Meine Wohnung im dritten Stock in der Rue Etchegaray bietet einen der schönsten Blicke auf den großen Strand, die Grande Plage, etwa hundertfünfzig Steinwälzer-Flugmeter – das ist der typische Vogel der baskischen Küste – entfernt oder einen fünfundvierzig Sekunden-Sprint meines kleinen Sohnes.

Das lassen wir uns nicht nehmen. Es ist unser – Esteban und mein – morgendliches Ritual, vor meiner ersten Sprechstunde und seinem Aufbruch zur Schule, sogar vor unserem gemeinsamen Frühstück: Wir ziehen an, was wir vor unserem Bett auf dem Boden finden, und laufen zum Strand hinunter. Und sobald im Frühling das Wasser wärmer als siebzehn Grad ist, gehen wir auch schwimmen. Alle Straßen von Saint-Jean-de-Luz führen zum Meer, als wäre die Stadt von Anfang an so konzipiert worden, dass man von jedem Balkon aus einen Zipfel des Atlantiks sehen kann.

Es ist kurz vor acht Uhr. Der Strand ist noch fast menschenleer. Ich zähle etwa zwanzig Touristen auf dem langgezogenen Abschnitt zwischen dem Damm von Chevaux und dem Hafendamm. Wir haben uns gegenüber der Terrasse des Toki Goxoa, dem Panorama-Restaurant mit den bunten Kacheln, niedergelassen. Nun ja, niedergelassen ist ein großes Wort. Esteban hat sein rotes Strandtuch, das er à la Superman um den Hals trug, in den Sand fallen lassen, seinen Sweater von Biarritz Olympique über den Kopf gezogen und die grünen Leinenschuhe abgestreift.
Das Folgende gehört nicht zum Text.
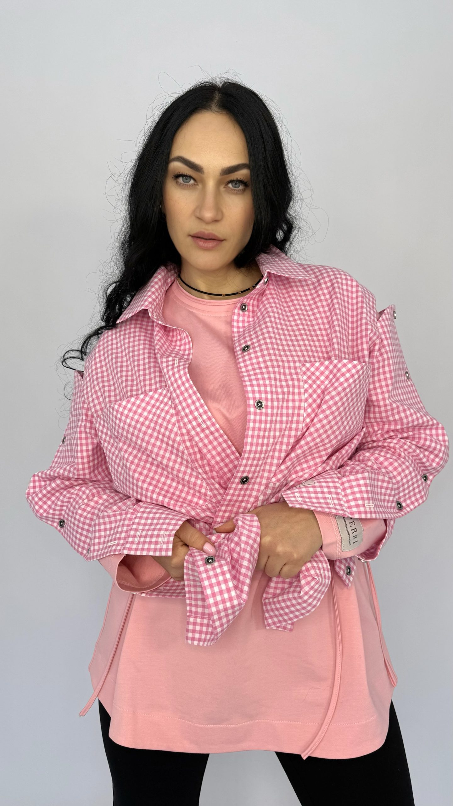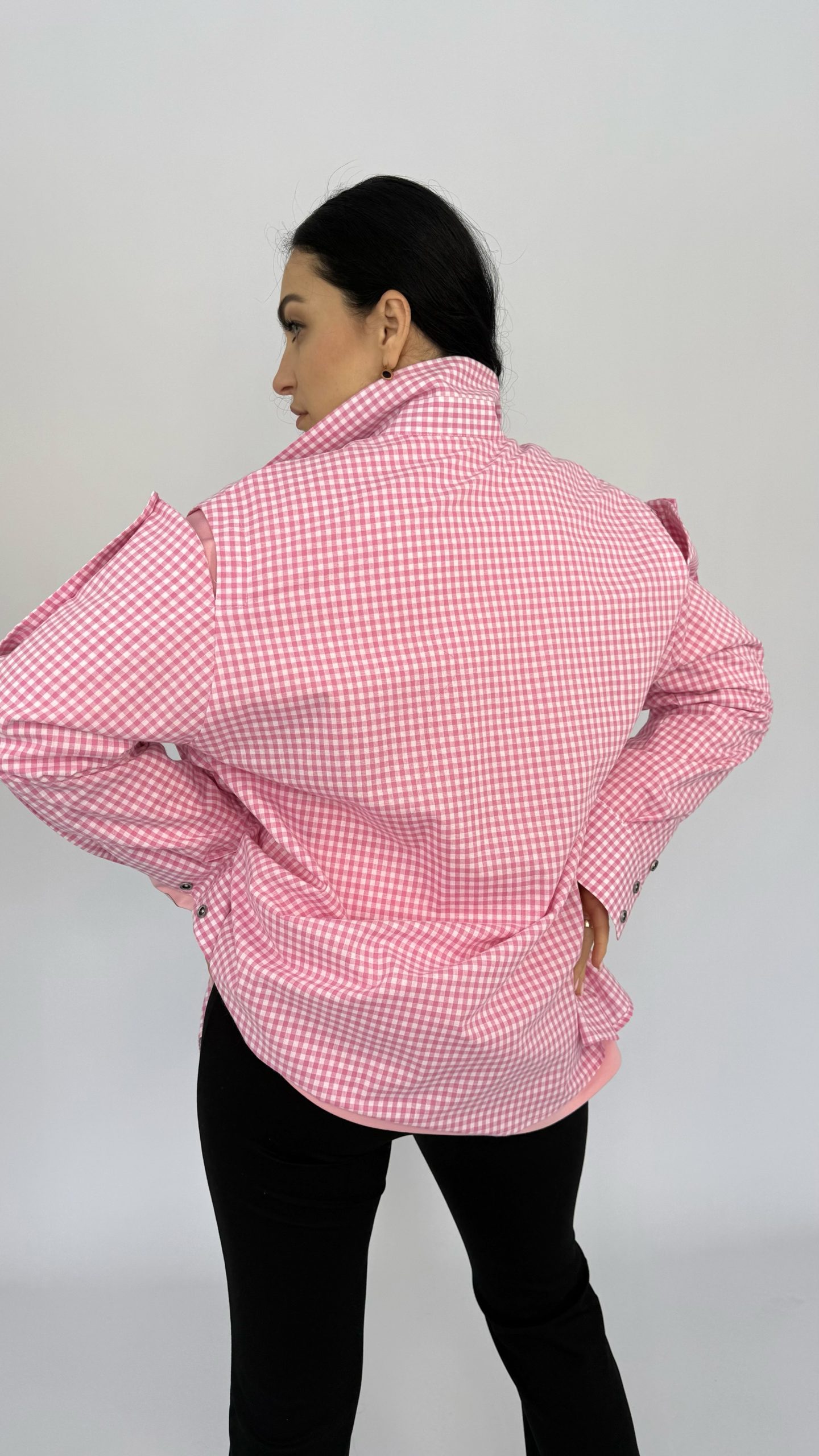 Лаконичная, но очень заметная рубашка в клетку — идеальный выбор, если хотите добавить образу характер и цвет. Оверсайз‑силуэт сидит свободно и приносит максимум комфорта: оригинальные детали на рукавах — ряд пуговиц/люверсов, позволяющих менять посадку и делать образ более динамичным.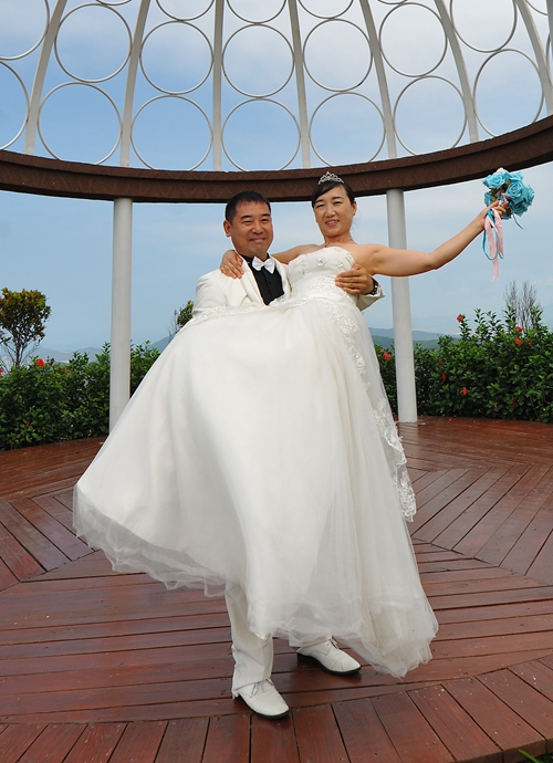 圖為母親節當天,來自全國各地的10對年過半百的父母,高興地參加了母親節為父母補拍婚紗照公益活動的情景。(黃慶優攝)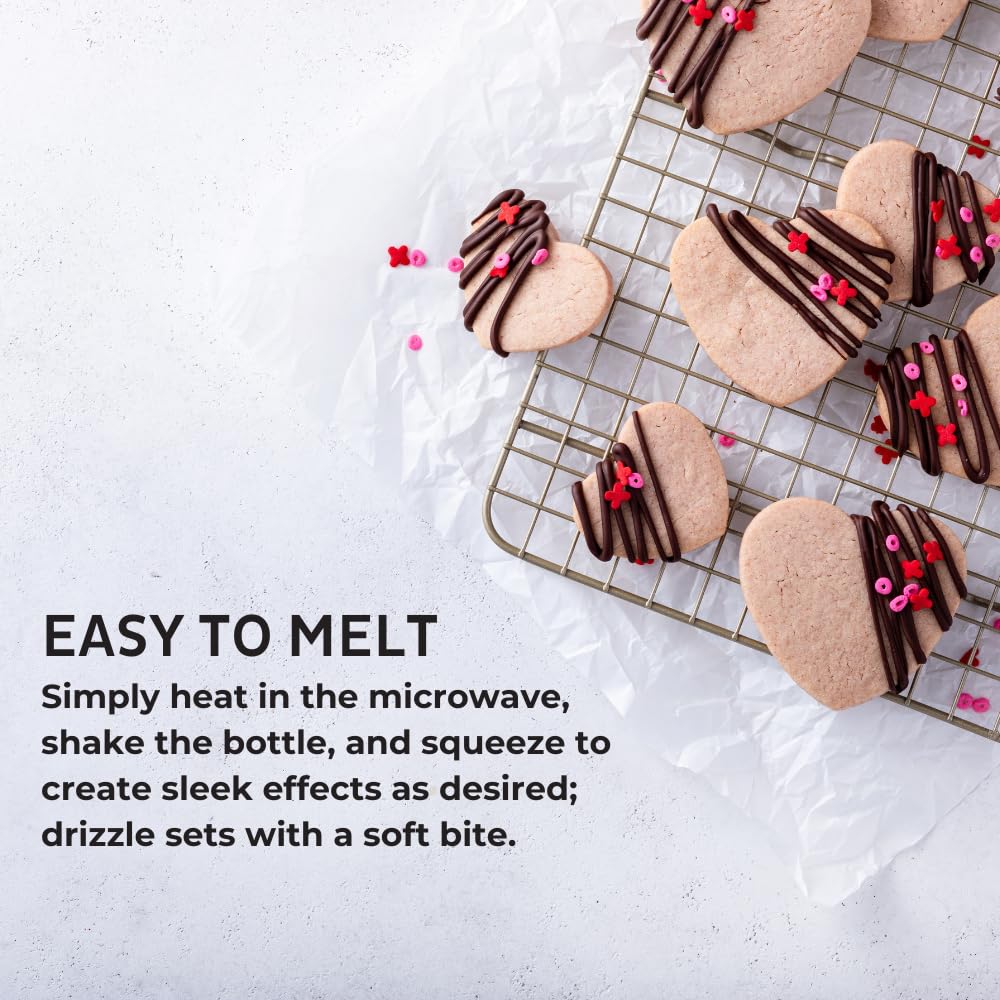 - EASY TO MELT: Simply heat in the microwave, cool slightly, shake bottle and squeeze to create sleek effects as desired; drizzle sets with a soft bite; this 10 oz bottle will coat the top and drip the sides of one 8β cake

»Gehen wir schwimmen, Maman?«

»Eine Sekunde, mein Großer.«

Berufsbedingter Reflex. Ich prüfe erst alles mit wachsamem Blick. Zunächst Esteban: sein magerer Körper, seine vorstehenden Knochen, seine Schienbeine, die aus einer übergroßen indigoblauen Badehose ragen – dieselbe Farbe wie der baskische Himmel an diesem Morgen – und geschmückt von einem weißen Wal, der auf das linke Bein gedruckt ist. Esteban liegt, was Größe und Körpergewicht angeht, genau im Durchschnitt für sein Alter. Jeden Samstag nach meiner letzten Sprechstunde wird er gemessen und gewogen. Ein weiteres unserer Rituale. Den wöchentlichen Kebab-Teller gibt es nur, wenn die rote Filzstiftkurve nicht von der Norm abweicht.

»Also gehen wir jetzt endlich, Maman?«

Esteban wartet ungeduldig, dass ich mich ausziehe. Vor Verlassen der Wohnung habe ich eine einfache Häkeltunika übergestreift. Damit man auch die Farbe meines Bikinis sieht. Ich liebe diesen leichten, netzartigen Stoff auf meiner Haut, der meinen Bauch und die Hälfte der Oberschenkel bedeckt. Ich liebe es, mich mit fast vierzig Jahren noch begehrenswert zu fühlen und das nicht nur in den Augen der Rentner, die ihre Pudel auf dem Quai de l’Infante Gassi führen.

Dann suche ich den Horizont ab. In der Ferne, Richtung Hendaye und der Plage de Socoa, kämpfen Surfer in ihren schwarzen Neoprenanzügen, aufgereiht wie Kolonien von Ameisen, mit den hohen Wellen. Hinter uns lässt der Wind des Atlantiks die Ikurriñas, die baskischen Flaggen, am Rand der Mole, geräuschvoll flattern.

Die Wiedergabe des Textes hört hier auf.